Here we can use very interesting filters, in order firstly to make the information legible. This, for example, to look for websites, without being repeated the results.
Or this one, to look for web addresses that contain certain words.
cat -n Evidencias/Bulk_PC-20170427_/url.txt | egrep -Eo “(http|https|www)://[a-zA-Z0-9./%&?=_-]*” | sort | uniq | egrep -i “xxx|porn|photo|video|jpg|jpeg” | head
cat -n Evidencias/Bulk_PC-20170427_/url.txt | egrep -Eo “(http|https|www)://[a-zA-Z0-9./%&?=_-]*” | sort | uniq | egrep -i “xxx|porn|photo|video|jpg|jpeg” | tail
Or we can simply tell him to show us the number of matches with those words.
windirs.txt: It shows us the directory entries of Windows Systems.
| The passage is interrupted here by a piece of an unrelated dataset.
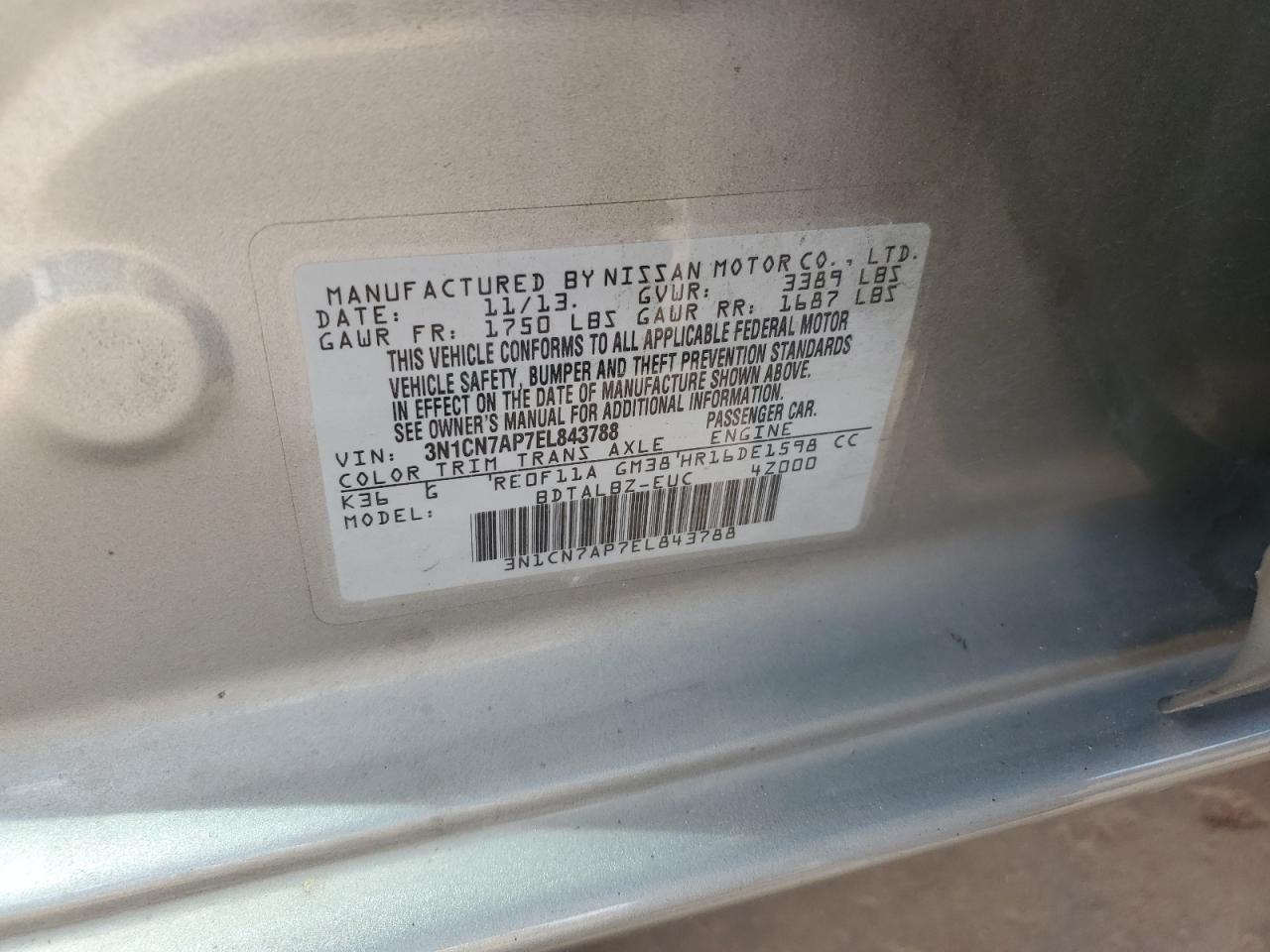 2014 NISSAN VERSA S - 3N1CN7AP7EL843788

Its reading can become quite heavy.
But we could, for example, order them by establishing a chronological order
cat -n /home/marcos/Evidencias/Bulk_PC-20170427_/windirs.txt | egrep “[0-9]*-[0-9]*-[0-9]*T[0-9]*:[0-9]*:[0-9]*” | head
cat -n /home/marcos/Evidencias/Bulk_PC-20170427_/windirs.txt | egrep “[0-9]*-[0-9]*-[0-9]*T[0-9]*:[0-9]*:[0-9]*” | tail
winlnk.txt: Find symbolic links, routes, in the image file. Very useful for searching file names, units, directories, …
And we can refine the result, looking for matches with routes
And we can still further filter the results, indicating, for example, that it shows us only one type of files.
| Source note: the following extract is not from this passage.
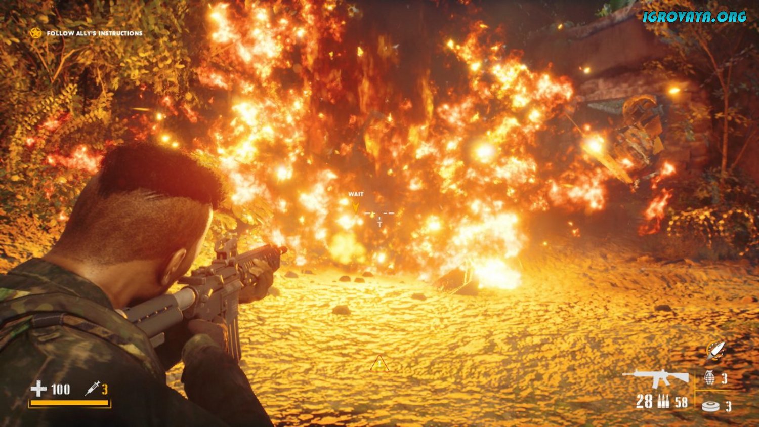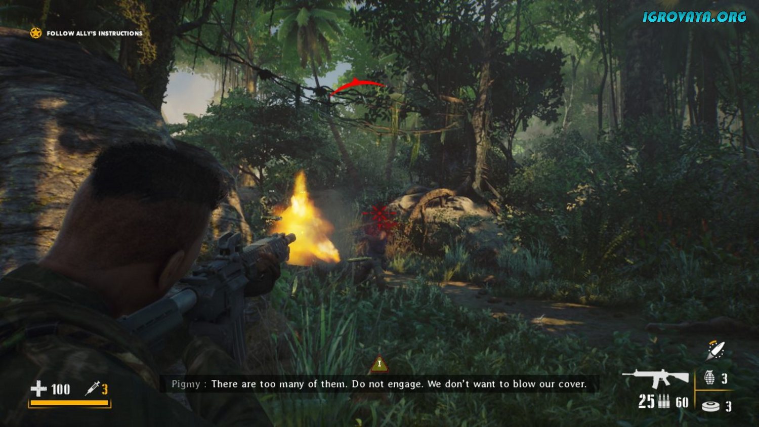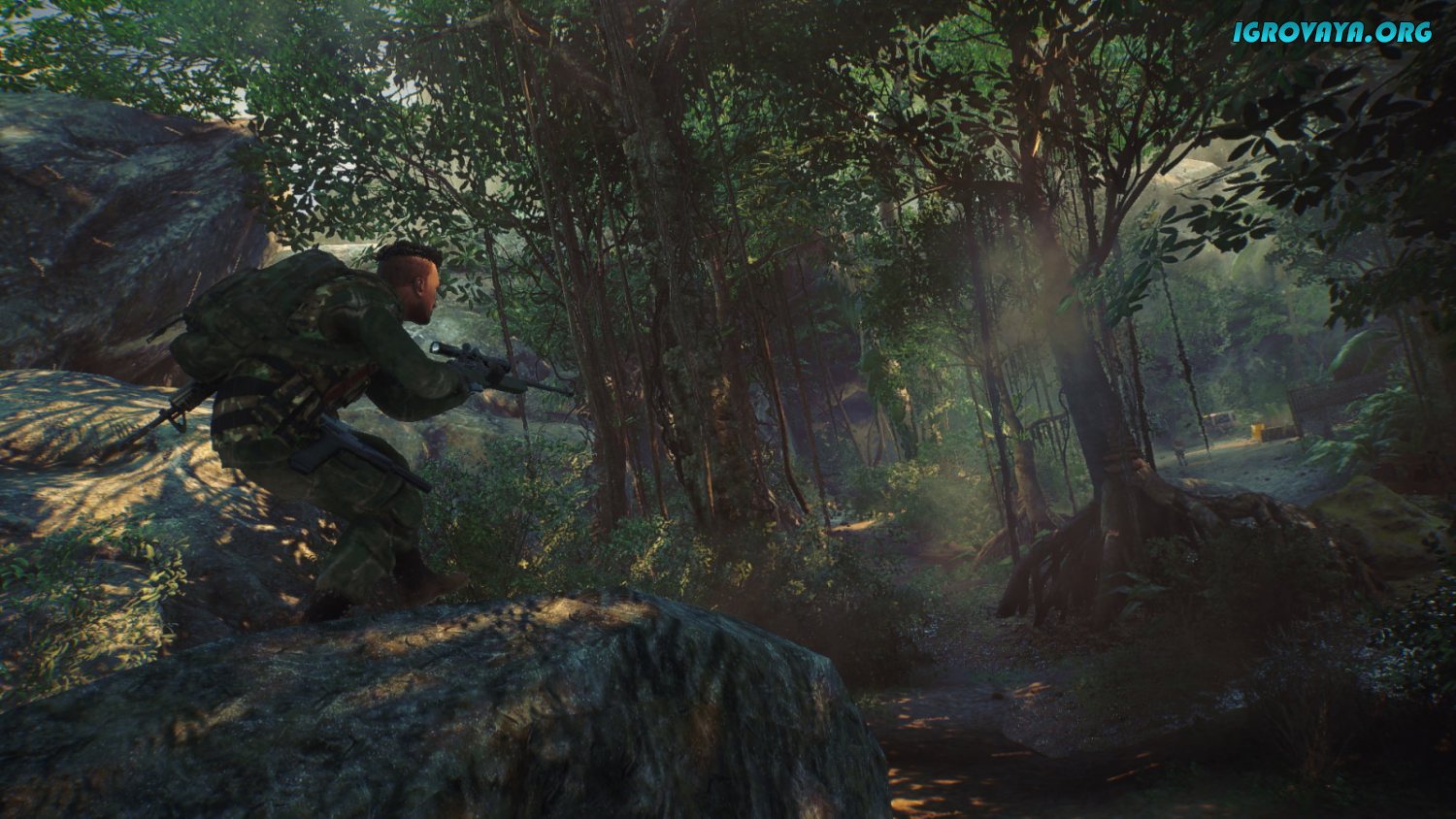 Станьте настоящим диким хищником, который умело прячется в густой листве тропиков. Наблюдайте из засады, выслеживая врагов через бинокль или прицел снайперской винтовки. Старайтесь не привлекать к себе излишнего внимания, иначе рискуете втянуться в неравный бой против нескольких десятков подготовленных солдат. Поочередно уничтожайте вражеских бойцов, заходя к ним со спины или расставляя ловушки. Поставьте несколько растяжек в местах, где проходят охранники, и приготовьтесь стать свидетелем эпичного взрыва.

winpe.txt: This file shows executables that are related to the Windows installation environment. It is usually examined when the case is related to some type of malware.
winprefetch.txt: Lists all system prefetch files, including deleted ones.
In this case, we can make filters by dates.
cat /home/marcos/Evidencias/Bulk_PC-20170427_/winprefetch.txt | egrep -Eo “[0-9]*-[0-9]*-[0-9]*T[0-9]*[:][0-9]*[:][0-9]*” | sort -k 5,5 | head
cat /home/marcos/Evidencias/Bulk_PC-20170427_/winprefetch.txt | egrep -Eo “[0-9]*-[0-9]*-[0-9]*T[0-9]*[:][0-9]*[:][0-9]*” | sort -k 5,5 | tail
cat /home/marcos/Evidencias/Bulk_PC-20170427_/winprefetch.txt | egrep -En “[0-9]*-[0-9]*-[0-9]*T[0-9]*[:][0-9]*[:][0-9]*” | sort -k 5,5 | head
cat /home/marcos/Evidencias/Bulk_PC-20170427_/winprefetch.txt | egrep -En “[0-9]*-[0-9]*-[0-9]*T[0-9]*[:][0-9]*[:][0-9]*” | sort -k 5,5 | tail
zip.txt: Scans and displays the contents of the ‘.zip’ files you have found.
All this information is what has been obtained, or can be obtained, from, for example, a memory dump like the one we have seen. But, Can you analyze more files? As we mentioned at the beginning, (very above), yes. We can process, in the same way, a file ‘Pagefile.sys’, for example.
bulk_extractor -o /home/marcos/Evidencias/Pagefile_PC-20170427_/ /home/marcos/Evidencias/PC-20170427-Pagefile.sys
And we can see how much information can be obtained.
Bulk Extractor is a tool capable of extracting an enormous amount of information. In this case, where I intended to show you the ‘power’ of this software, I did not look for anything in particular. But since each case is a world, and there are no two similar analyzes, we have to be very clear in what we want to look for and we must worry about how to look for it, that’s what search patterns are for. It is of no use to have all this information if we are not able to process it, (as humans).
That is all, for now. See you at the next entry. This Minion, delivered and loyal to you, says goodbye… for now.